Pop is so tightly woven into the fabric of everyday life that this problem — the part it plays in expanding the wallets of multinational corporations and billionaires — is almost impossible to grapple with. Yesterday, Majical Cloudz’s Devon Welsh tweeted, “The massive team of songwriters, producers, designers, make-up artists, TikTok executives, etc known as ‘Lady Gaga’ always knows how to cheer us up, right everybody?!” And, to be honest, yes — for a lot of people, this music acts as an almost chemical mood-lifter. Anyone on the internet when Beyonce and Megan Thee Stallion dropped their “Savage” remix a couple of weeks ago knows how swiftly and effectively pop music can lift a collective mood, even during lockdown. It might be a fanciful, naive idea, but it would be wonderful to experience this kind of culturally ubiquitous music without experiencing the niggling feeling that there are insidious networks of money and power coursing underneath the gloss.

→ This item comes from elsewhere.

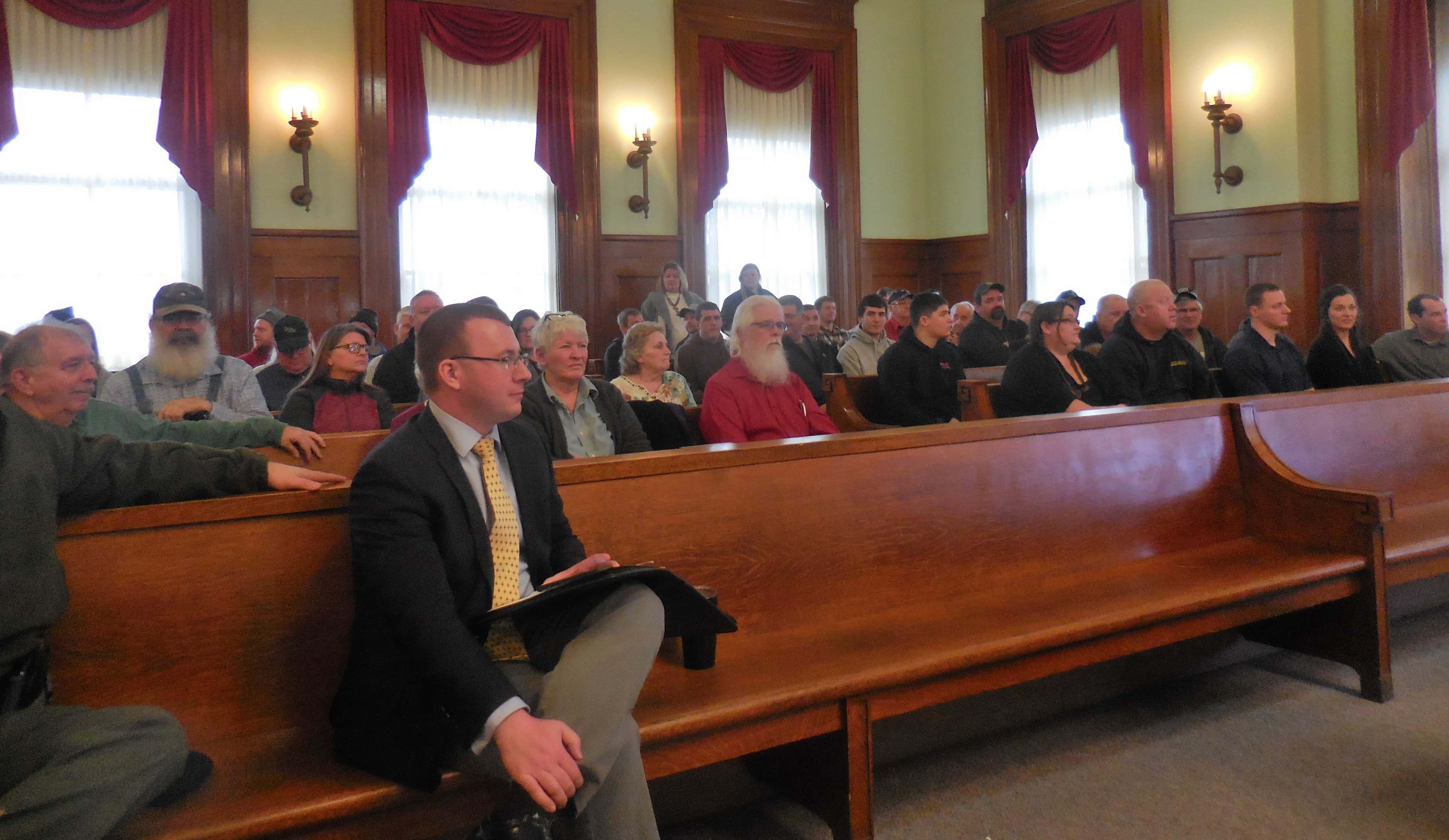 One of the more contentious public hearings for a new hog confinement project was held Monday in the Greene County Courthouse courtroom.

Earlier this week, GEN’s Eve Peyser wrote about how, under the spectre of a pandemic, celebrity culture is merely “a chilling reminder of just how unequal the world is,” no longer valuable as frivolous content or escapism. It’s hard not to feel, to a degree, the same way about Chromatica. What might have been 45 minutes of sugary hedonism pre-pandemic now scans as a fun album that profoundly misread the room. Even if it can’t speak to a cultural mood, though, there is still value in Chromatica’s strange, gonzo sense of fun. Last night, when the album dropped in Australia, I put it on for my housemates. We were drunk, and we had fun listening, singing along to “Stupid Love” and “Rain On Me.” Strip the corporate affects and strange concept from it, and Chromatica is simply very good pop music, the perfect canvas to imbue with memories of stupid nights out (or in). There’s no harm in that.